I have submitted a support ticket to OtherWorld Computing and I'm hoping they might have some clue. Or is it possible something in the network would initiate the connect/reconnect sequence?

Sporadic network communications problems could easily be the culprit. Especially if you are using wireless networking. Interference, noise, sunspots, or gremlins can often cause a wireless client to lose its connection and reconnect. This plays havoc with services that must maintain a continuous connection to a service, like a network volume.

Mark Gerber wrote:How can I stop this process?

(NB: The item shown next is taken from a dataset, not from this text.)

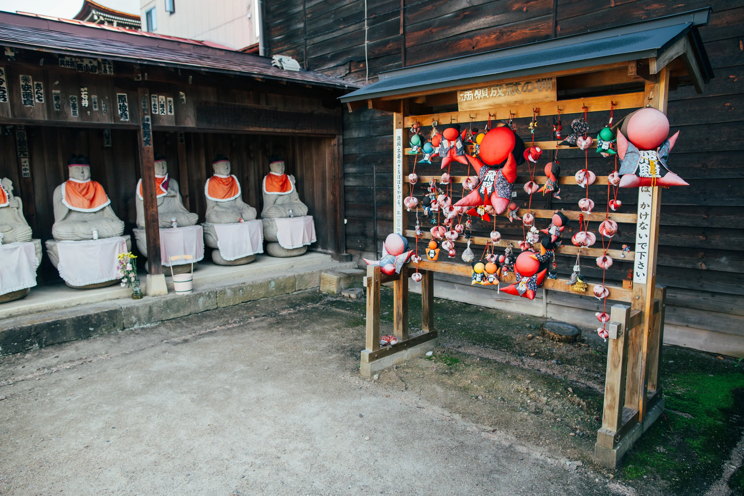 The red dolls you see on the right side of the photo are known as Sarubobo and are associated with Takayama. They are dolls given to grandchildren by grandmothers wishing them successful marriages and healthy offspring. Over the years, the Sarubobo doll has been 'modernized' with different colours representing different wishes (studies, career, health, money, etc.). That said, the red one is still the prevailing colour you will see in most gift shops, shrines and tourism centres.

If you ever have a run-away QRecall process, it can be stopped using the Activity Monitor (or the Terminal or any similar tool of your choice).

Open the Activity Monitor and find the QRecallHelper process (there will be one instance of QRecallHelper for every running command or action. Select the process and click the Quit Process icon or choose View > Quit Process. Try doing a Quit first (this is equivelent to clicking the stop button in the Activity Window). If that doesn't have any effect, use Force Quit.

Have I hopelessly messed things up and do I need to start over ...

I can't see that you've done anything wrong, but I do see some problems with your external drive in the logs.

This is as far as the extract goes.